# WORK ITEM
Retype the listing below line for line, but only from the line with "您还可以使用 NoteBurner iTunes" down to the line with "Automatikwerk, goldene Stellkrone", inclusive. Pictures stay out.
EXERCISE INPUT section start
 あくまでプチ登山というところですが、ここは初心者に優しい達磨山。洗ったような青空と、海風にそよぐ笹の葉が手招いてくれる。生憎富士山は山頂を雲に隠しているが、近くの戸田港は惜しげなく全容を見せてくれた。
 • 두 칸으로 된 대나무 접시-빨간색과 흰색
EXERCISE INPUT section end
EXERCISE INPUT section start
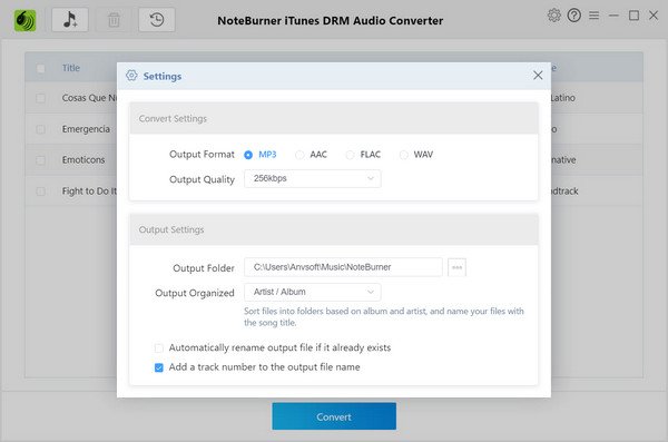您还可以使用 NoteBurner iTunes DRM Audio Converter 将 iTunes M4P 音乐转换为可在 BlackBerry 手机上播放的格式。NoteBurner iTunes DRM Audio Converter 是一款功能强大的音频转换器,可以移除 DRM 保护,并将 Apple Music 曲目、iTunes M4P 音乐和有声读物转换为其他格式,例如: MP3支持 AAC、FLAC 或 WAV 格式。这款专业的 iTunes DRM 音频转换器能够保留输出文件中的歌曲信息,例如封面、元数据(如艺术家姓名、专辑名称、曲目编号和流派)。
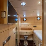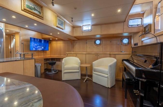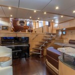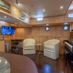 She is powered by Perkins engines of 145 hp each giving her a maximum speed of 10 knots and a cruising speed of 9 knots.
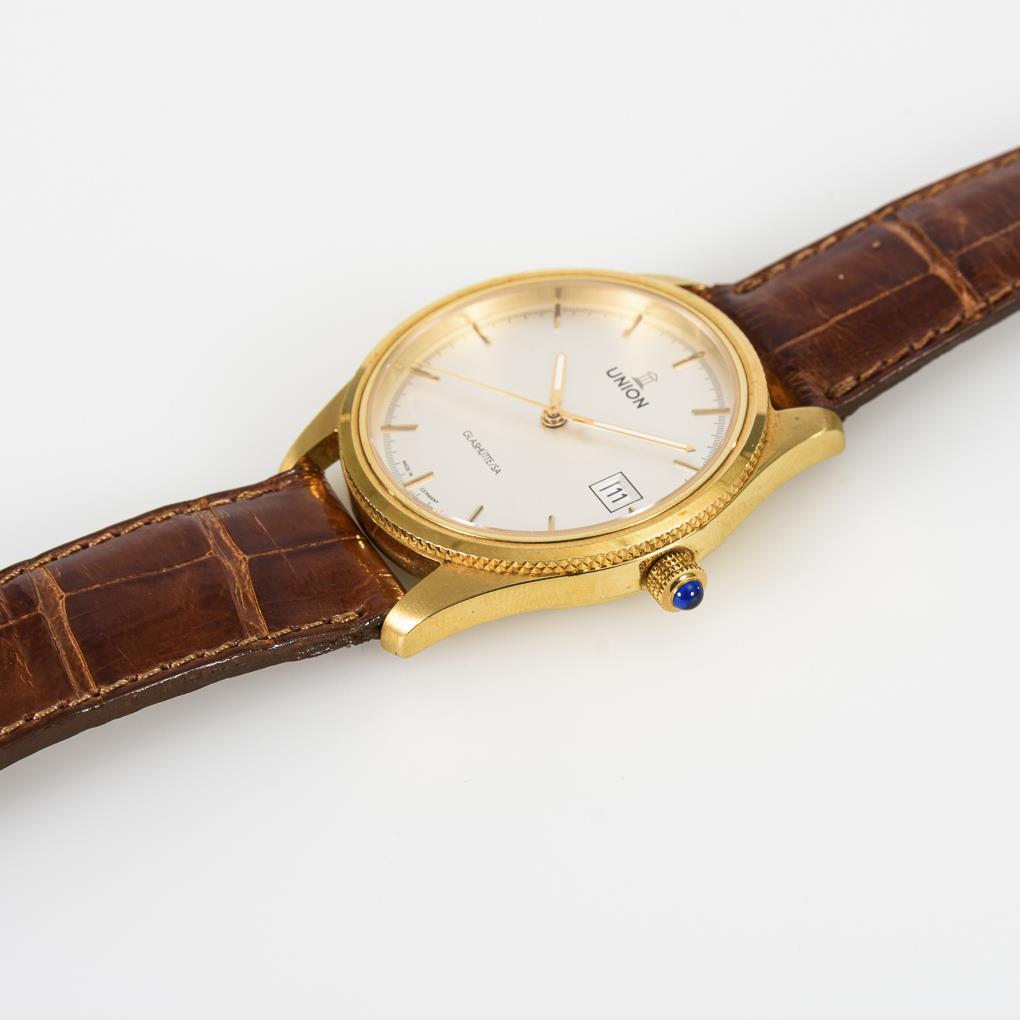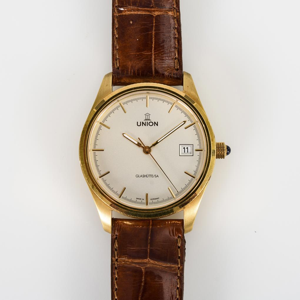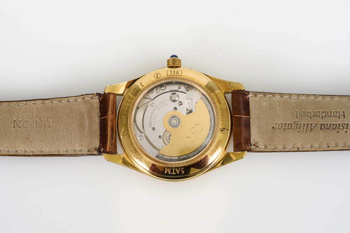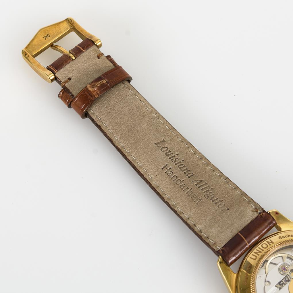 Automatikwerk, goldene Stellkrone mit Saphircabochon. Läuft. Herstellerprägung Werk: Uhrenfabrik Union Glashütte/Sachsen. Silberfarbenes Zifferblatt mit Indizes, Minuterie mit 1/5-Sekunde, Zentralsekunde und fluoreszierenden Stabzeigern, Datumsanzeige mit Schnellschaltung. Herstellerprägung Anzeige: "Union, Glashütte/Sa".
EXERCISE INPUT section end
# ANSWER FOR THE TASK
您还可以使用 NoteBurner iTunes DRM Audio Converter 将 iTunes M4P 音乐转换为可在 BlackBerry 手机上播放的格式。NoteBurner iTunes DRM Audio Converter 是一款功能强大的音频转换器,可以移除 DRM 保护,并将 Apple Music 曲目、iTunes M4P 音乐和有声读物转换为其他格式,例如: MP3支持 AAC、FLAC 或 WAV 格式。这款专业的 iTunes DRM 音频转换器能够保留输出文件中的歌曲信息,例如封面、元数据(如艺术家姓名、专辑名称、曲目编号和流派)。
 She is powered by Perkins engines of 145 hp each giving her a maximum speed of 10 knots and a cruising speed of 9 knots.
 Automatikwerk, goldene Stellkrone mit Saphircabochon. Läuft. Herstellerprägung Werk: Uhrenfabrik Union Glashütte/Sachsen. Silberfarbenes Zifferblatt mit Indizes, Minuterie mit 1/5-Sekunde, Zentralsekunde und fluoreszierenden Stabzeigern, Datumsanzeige mit Schnellschaltung. Herstellerprägung Anzeige: "Union, Glashütte/Sa".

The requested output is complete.